*** Opening SOURCE DATA ***

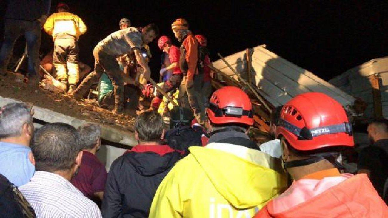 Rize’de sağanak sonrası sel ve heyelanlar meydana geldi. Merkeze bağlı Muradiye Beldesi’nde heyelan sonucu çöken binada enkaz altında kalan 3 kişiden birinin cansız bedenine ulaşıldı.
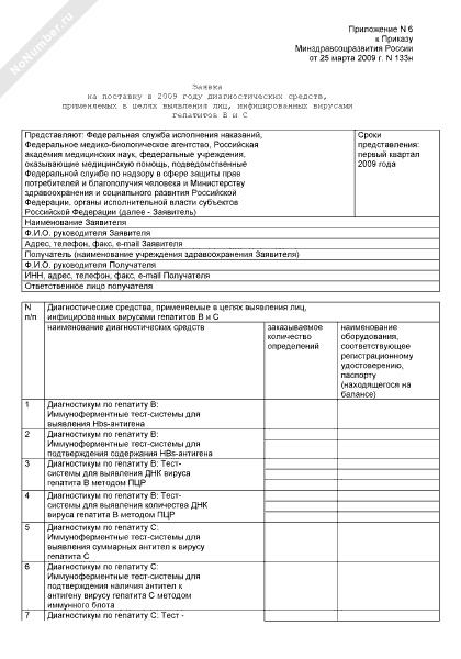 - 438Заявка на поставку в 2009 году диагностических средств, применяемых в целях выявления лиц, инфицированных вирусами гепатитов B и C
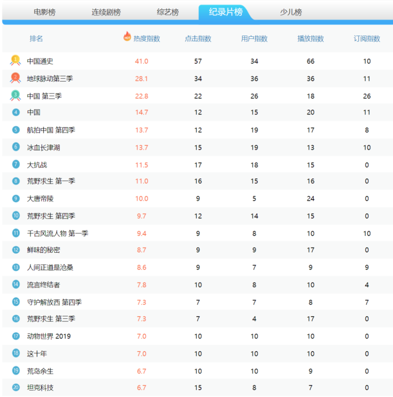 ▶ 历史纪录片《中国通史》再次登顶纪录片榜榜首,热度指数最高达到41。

*** Closing SOURCE DATA ***

* WORK REQUIRED *
Transcribe the data exactly, minus any images.

* PROBLEM SOLUTION *
 Rize’de sağanak sonrası sel ve heyelanlar meydana geldi. Merkeze bağlı Muradiye Beldesi’nde heyelan sonucu çöken binada enkaz altında kalan 3 kişiden birinin cansız bedenine ulaşıldı.
 - 438Заявка на поставку в 2009 году диагностических средств, применяемых в целях выявления лиц, инфицированных вирусами гепатитов B и C
 ▶ 历史纪录片《中国通史》再次登顶纪录片榜榜首,热度指数最高达到41。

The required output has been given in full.